The woman on the hunt, however, is quick-witted. Marge Gunderson (played by Frances McDormand, who won the Oscar for this role) is the sheriff in town, the very pregnant sheriff, which is also a sliver of against type that the Coen brothers work into their films. While at first she is looking into what appears to be a simpler crime, a whole lot of bodies pile up before she catches up to Grimsrud in the infamous “wood chipper” scene. It’s not even easy to dispose of an accomplice in a wood chipper, apparently. And where everyone else has failed to win in any battle against Grimsrud, she prevails. Part good detective work, part nothing fancy.

In Burn After Reading, the setting is wildly different, in the urbanity of Washington, DC. As an aside I’ll say here that I love movies about DC; having lived there for more than a decade, I enjoy ascertaining which shots were on location and which were probably shot in some far away place like Vancouver.

In this film, Osbourne Cox (the amazing John Malcovich) is a CIA analyst fired from his job for drinking, and the movie watches his progression from condescending jackass to full-on murderer, complete with consequences on the order of mortal coil intensity. Along the way, his wife decides to divorce him and upon advice from her attorney, makes copies of his hard drive, complete with what one presumes are the most rambling and uninteresting memoirs about life in the CIA ever put to a keyboard. Losing the CD at her local gym, it is discovered by the staff, notably Chad Feldheimer (Brad Pitt) and Linda Litzke (Frances McDormand again), who decide to blackmail the owner for what they believe is classified government information. Hey, after all the laptops and hard drives that went missing during all the years of the Bush administration, it can’t really be all that upsetting for one little CD to get out, right? But Litzke really, really wants 16 cosmetic surgery procedures, and $50,000 or so would really help her out. Feldheimer, being a body-focused, helpful team player, wants to support her in her endeavor to get the body not achievable through their own vocation. They decide to blackmail Cox.

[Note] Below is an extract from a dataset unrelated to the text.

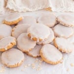 At Room Temperature: Store the iced oatmeal cookies in an airtight container at room temperature for up to 5 days. The glaze may soften slightly if the cookies are stacked, so if you’re layering them, place a sheet of parchment paper between each layer to help preserve the icing.

By this point, everyone knows it’s not going to proceed smoothly. He can’t even blackmail Cox properly, and winds up not getting the money at their meeting.

Feldheimer, looking for dirt on Cox to up the extortion ante, breaks into Cox’s house and runs into Harry Pfarrer (George Clooney), Cox’s wife’s man-mistress. Pfarrer, who has been increasingly paranoid about a dark car following him around town, shoots Feldman in the face, killing him, and it is here where again the Coen brothers go to excruciating detail to show us how darn hard it is to clean up after shooting someone in the face.

The plot lines devolve into more violence, increasingly interwoven, until Cox takes after the gym manager Ted Treffon (Richard Jenkins), who has nothing to do with anything, with a hatchet. It’s a last scene of bloody gore that reveals the amount of energy to swing an axe into and out of a body, and you can see on Cox’s face that he wants to rethink the moment after the first couple of strikes. I find that watching this scene I have a level of distaste I just don’t experience watching a shootout on television, because that violence is mystified as plot development. This violence is senseless, awful, shameful. And the brothers Coen are quick to follow up on its heels with a long satirical scene:

So the lesson here kiddies is, don’t go being a criminal. It’s not going to get you anything good.